The Road Less Traveled To Harvard Business School

Temi Olonilua, a first generation college grad from Nigeria, announced her HBS admit

Temi Olonilua spent much of her childhood in the late ‘90s scribbling away by candlelight in the three-bedroom bungalow she shared with a dozen members of her family. Power outages were common in her hometown of Lagos, and on some evenings, completing homework assignments frequently meant lighting the taper candle she kept in her desk drawer and praying for the power to come back on.

Often, the outage would outlast the candle and she’d set down her pencil in defeat and head to bed in the darkness. Her homework would have to wait for the break of dawn.

Today, Olonilua, 26, lives in New York City and losing power is the last thing on her mind. In fact, as an engineer at the utility company that literally powers the city, it’s Olonilua’s job to keep the lights on for its denizens.

But after four years at Con Edison, she’s hanging up her hard hat to pursue her lifelong dream of attending Harvard Business School for her MBA. In the seven months since she has received her acceptance letter, Olonilua’s excitement has only amplified. But that cool December morning at the end of a year when a flu pandemic brought the world to a crawl is one that Olonilua, a first generation college student from Nigeria, won’t easily forget.

‘TIME JUST FELT LIKE IT WASN’T MOVING’

She had hoped to sleep in to kill some time before the big announcement at noon, but her circadian cycle had different plans for her that day. She woke up feeling restless at 5 a.m. and going back to sleep had proved futile. Then again, how can one be expected to sleep soundly when anticipating a life-changing decision from Harvard?

“The hours from 5 a.m. to noon, it’s only seven hours, but it was the longest seven hours,” Olonilua remembered.

She pulled the covers off, put on a pot of coffee, and showered before logging onto her work computer and completing a few tasks.

“The time just felt like it wasn’t moving,” she recalled.

Well, maybe breakfast would kill some time. Instead of her usual yogurt, she decided to make a smoothie. And then she went for a walk. She was almost relieved when it was finally time to join her colleagues for a virtual meeting—it allowed her to shift her focus onto something else.

But as noon drew closer, the butterflies were back. Olonilua left all of her electronic devices in her room and went to sit next to her mother in the living room. They tried to watch TV together.

SHE FELL TO THE FLOOR, ROLLING AND SCREAMING

And then five minutes before Decision Time, she had her brother bring her laptop over to her. They watched the minutes tick by. A funny thing happened. After spending all morning waiting for the moment, suddenly she realized she wasn’t ready for what she was about to find out.

She removed her glasses from her face—without them, she couldn’t see—logged into the applicant portal and clicked on “Update Available” to pull up the letter.

“So it’s like I’m not going to be able to make out the words, but if I see a really short sentence, I’ll know I got in, and then I can wear my glasses and read on, but if I don’t see a short sentence, I can just log out and shut my computer and just, like, cry,” she said.

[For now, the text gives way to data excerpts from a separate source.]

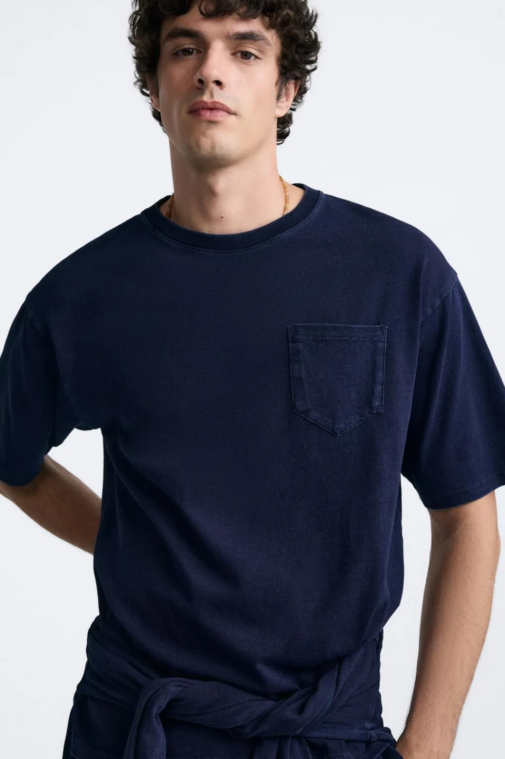 Camiseta relaxed fit confeccionada en tejido de algodón tintado en índigo.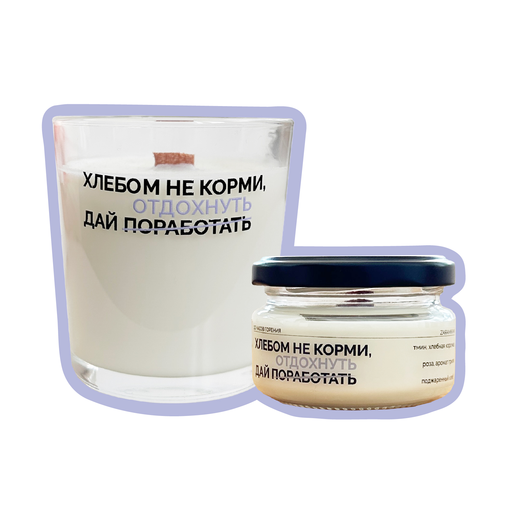 Состав: соевый воск и деревянный фитиль с треском/хлопковый фитиль Объем: 250 мл / 100 мл Время горения: 40 часов / 10 часов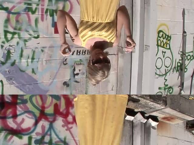 Look up her skirt and see a perfect shaved pussy in public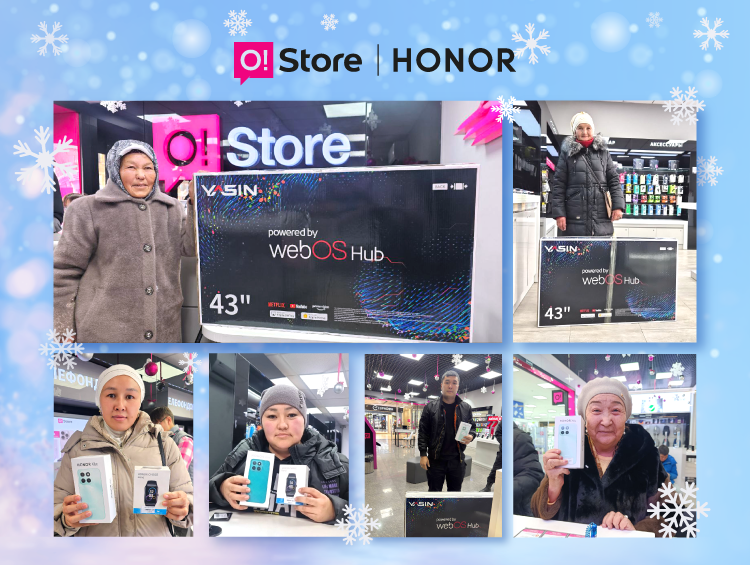 Новогодние сюрпризы в O!Store на этом не заканчиваются. Прямо сейчас продолжается масштабная акция для всех, кто планирует обновить смартфон. При покупке устройства Honor каждый покупатель гарантированно получает подарок. Любой смартфон можно приобрести в рассрочку от 1 тысячи 67 сомов в месяц. Заказывайте их онлайн в приложении «Мой О!» с бесплатной доставкой по Бишкеку: https://market.o.kg/ru/blocks/7386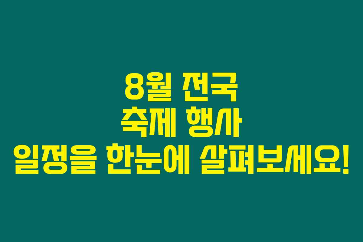 8월 전국 축제는 구경할 것도 넘쳐나고 신나는 추억을 쌓을 수 있는 기회랍니다. 다양한 축제 중에서 어떤 축제를 선택할지 고민해보세요! 그럼 즐거운 여름 보내세요!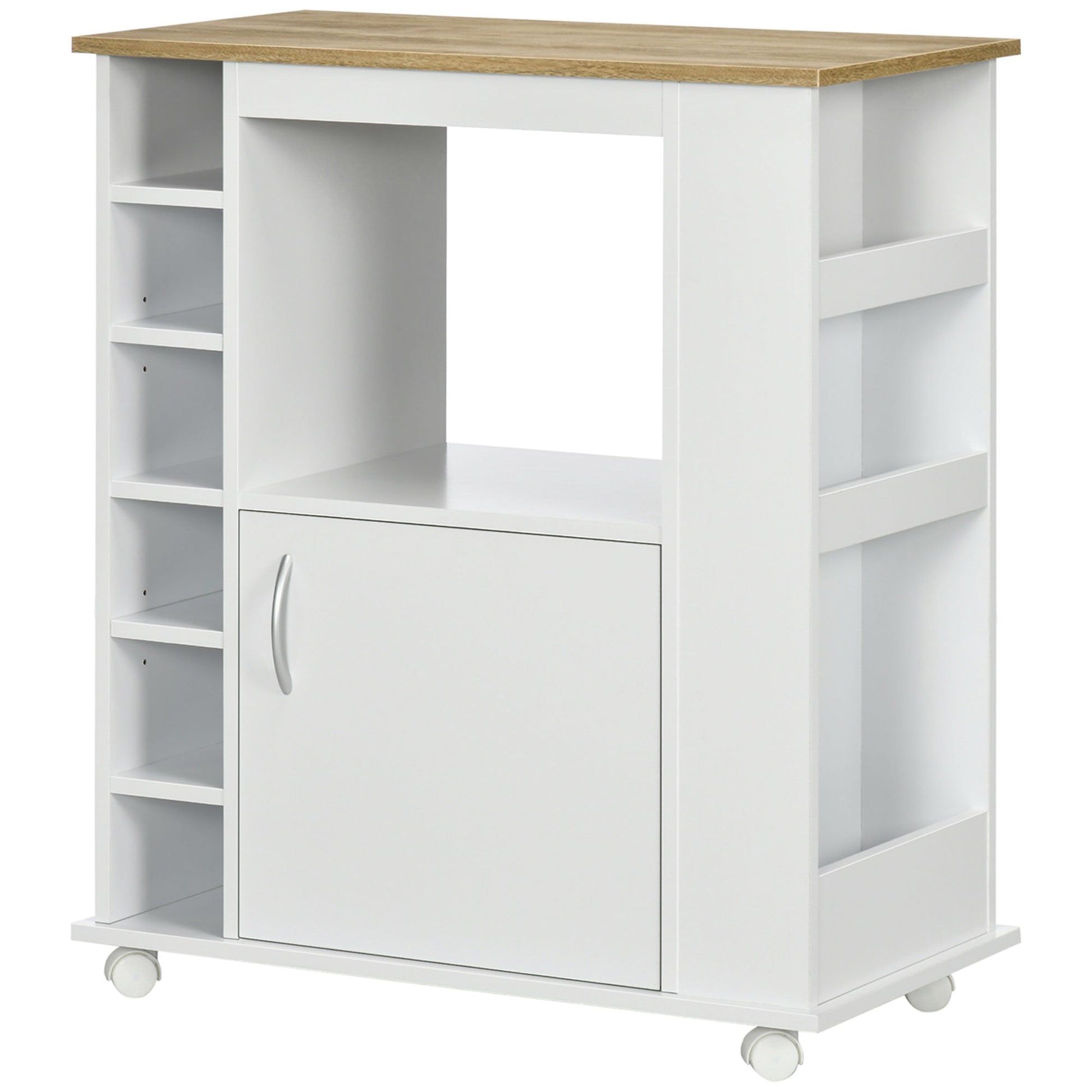 Kitchen Trolley with Cabinet and Adjustable Shelves, Swivel Wheels and Brake, 75x39.5x88 cm, White

The tears flowed just the same. She did a double take just to make sure, and then screamed with delight. She fell to the floor, rolling and screaming. Her sister burst into the room wondering what had happened. Rejoicing, the family gathered for a prayer, their faces stained with tears. Olonilua was in disbelief. After all, little more than one in ten Harvard MBA students these days are first generation college grads.

“You have this dream and you pray it happens, but is it actually going to happen?”

PHONE CALLS. SLACK MESSAGES. AND THE CHAMPAGNE FLOWED

The next few hours were filled with a steady flow of champagne and phone calls and Slack messages. After sharing the good news with her boss, she somehow returned to work and then went for a walk at a local park to process the news. The smile never left her face.

“I had all these emotions, but it was amazing,” she said. “It was so, so great,”

It took Olonilua days before she could go back and read the rest of her acceptance letter.

Born to parents who met and fell in love in Lagos, Olonilua spent the first 15 years of her life in Nigeria’s largest city, where she attended primary and secondary school and grew up in a large, tight-knit family with three sisters and a younger brother. The family didn’t have much, but they had God and they had each other, and as it later turned out, some luck. But privacy? Not so much.

“There was no privacy at all,” she laughed.